Task => Your task is to transcribe the data exactly while omitting each picture.

Data provided =>
----------

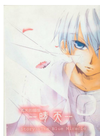
圖 2 同人 2， 晴天 （2007）

儘管原著有所改變，但卻堅持保留原著人物的形象、性格和風格為創作藍本。創作步驟方面，社群會就動畫、漫畫展銷會時間表擬定創作大綱，然後分工進行創作與宣傳。就生產和銷售方面，漫畫同人誌團體的作品主要定期於本地週年漫畫同人誌團體展銷會活動中進行販售。漫畫同人誌團體社群每年均參與由香港城市大學學生會屬會、動漫畫同人誌團體籌辦的「秋祭／萌之祭」同人誌即售會及香港專業教育學院主辦的「螢の祭」同人誌即售會，在活動中所銷售產品的種類計有漫畫同人誌單行本、限量彩色圖畫、書籤和徽章。單行本漫畫成為市場主打產品，每本售價為 HKD25 至 30。以 100 本漫畫單行本為例，一般可在展銷會中全數出清，推廣方法主要靠觀賞者的口碑和在漫畫同人誌團體專屬網站的宣傳。除經營漫畫同人誌產銷的工作外，漫畫同人誌團體社群亦注重與觀賞者建立的社群關係。漫畫同人誌團體均設有自己的專屬網站，作為與讀者溝通的平台。讀者可以透過網上發表和分享對作品的評價，討論創
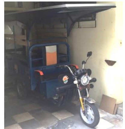
La motoneta est déjà très utilisée

Le transport est un vrai sujet ici, du fait de l'état des routes mais aussi des véhicules. Pour répondre aux besoins de la paroisse, nous avons investi en Mars dans une motoneta à énergie solaire pour transporter charges légères et passagers. C'est aussi une belle économie de carburant, dont le prix avoisine ceux pratiqués en France!

----------

Answer for the task =>
圖 2 同人 2， 晴天 （2007）

儘管原著有所改變，但卻堅持保留原著人物的形象、性格和風格為創作藍本。創作步驟方面，社群會就動畫、漫畫展銷會時間表擬定創作大綱，然後分工進行創作與宣傳。就生產和銷售方面，漫畫同人誌團體的作品主要定期於本地週年漫畫同人誌團體展銷會活動中進行販售。漫畫同人誌團體社群每年均參與由香港城市大學學生會屬會、動漫畫同人誌團體籌辦的「秋祭／萌之祭」同人誌即售會及香港專業教育學院主辦的「螢の祭」同人誌即售會，在活動中所銷售產品的種類計有漫畫同人誌單行本、限量彩色圖畫、書籤和徽章。單行本漫畫成為市場主打產品，每本售價為 HKD25 至 30。以 100 本漫畫單行本為例，一般可在展銷會中全數出清，推廣方法主要靠觀賞者的口碑和在漫畫同人誌團體專屬網站的宣傳。除經營漫畫同人誌產銷的工作外，漫畫同人誌團體社群亦注重與觀賞者建立的社群關係。漫畫同人誌團體均設有自己的專屬網站，作為與讀者溝通的平台。讀者可以透過網上發表和分享對作品的評價，討論創
La motoneta est déjà très utilisée

Le transport est un vrai sujet ici, du fait de l'état des routes mais aussi des véhicules. Pour répondre aux besoins de la paroisse, nous avons investi en Mars dans une motoneta à énergie solaire pour transporter charges légères et passagers. C'est aussi une belle économie de carburant, dont le prix avoisine ceux pratiqués en France!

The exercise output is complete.